То, что помощник так быстро позвонил Захарову после его звонка, доказывало, насколько большое внимание уделил случившемуся сам Сталин, тем более что он и раньше хорошо относился к Серпилину и делал ему в его жизни одно только хорошее.
Подумав: «Одно только хорошее», Захаров почувствовал, как что-то зацепилось за эту мысль, помешало ей гладко пройти вслед за всеми другими. И это «что-то» было памятью о том, что случилось с Серпилиным за четыре года до того, как Сталин приказал найти его и вернуть в армию. Это «что-то» было тоже связано со Сталиным и мешало думать об одном только хорошем. И если бы Захаров знал больше, чем он знал, и мог бы поглубже задуматься над этим «что-то», мысль его, наверно, потеряла бы свою спасительную прямоту и ясность. Но он не задумался, а только на секунду приостановился перед чем-то невидимым и непонятным.

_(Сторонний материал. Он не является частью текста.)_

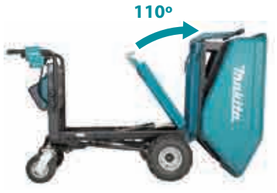
[Can be manually tilted for more than 75°]
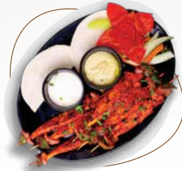
DAJAJ FAA ₹ 359

И мысль его осталась такой, какой и была первоначально, – мыслью о том, что Сталин делал Серпилину в его жизни одно только хорошее.

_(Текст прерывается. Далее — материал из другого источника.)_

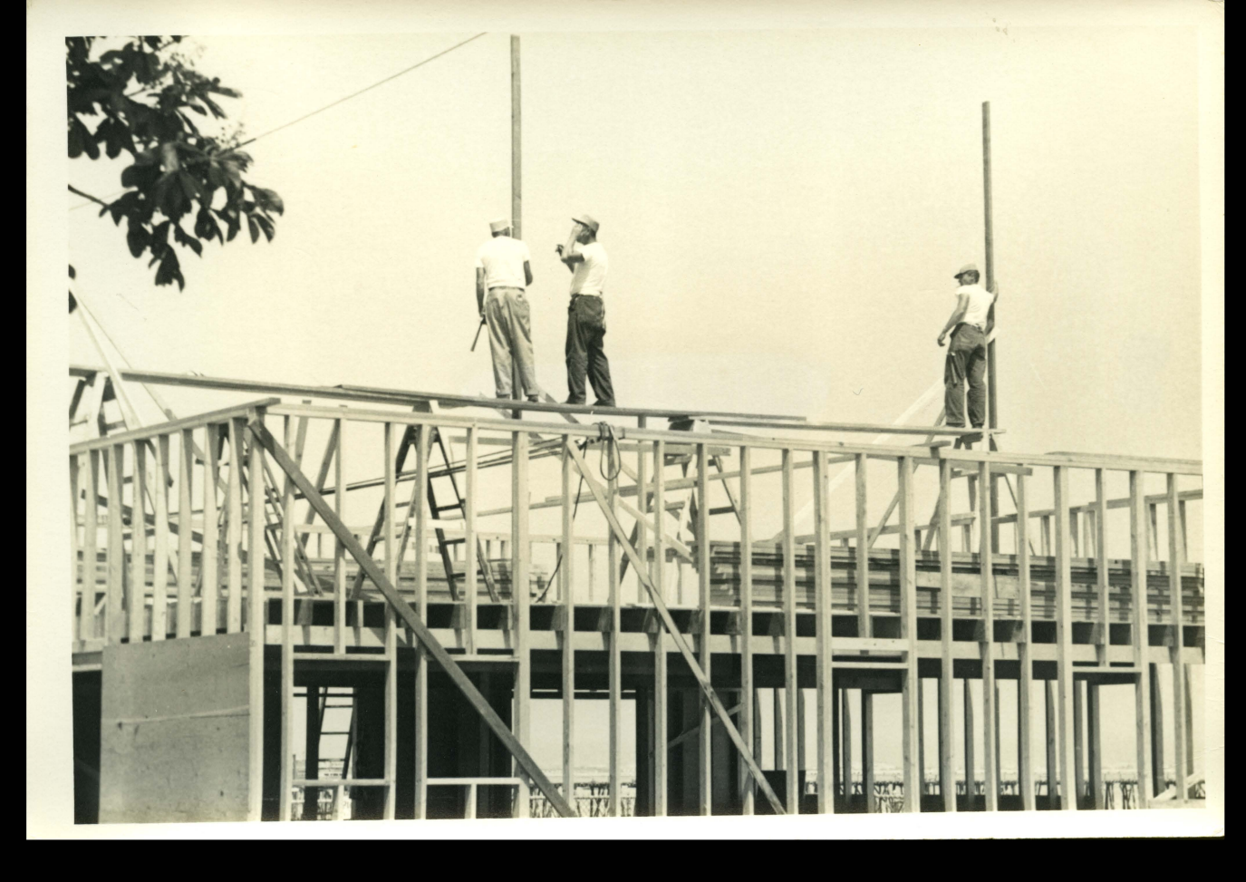
Getting ready to raise the roof of the West End Racing Club

Вошел адъютант и сказал, что в армию приехал командующий фронтом и находится у Бойко.
«Раз не пригласил меня, значит, хочет сначала с глазу на глаз поговорить с Бойко», – подумал немного задетый этим Захаров.
Тотчас после адъютанта зашел Бастрюков, по сути без необходимости; придумал себе дело, чтобы получить возможность сказать, что вернулся с передовой и был там под обстрелом. Может, и так – чего не бывает! Но как самые свежие новости принес то, о чем Захаров знал и без него, еще днем. Очки не втер, но время отнял.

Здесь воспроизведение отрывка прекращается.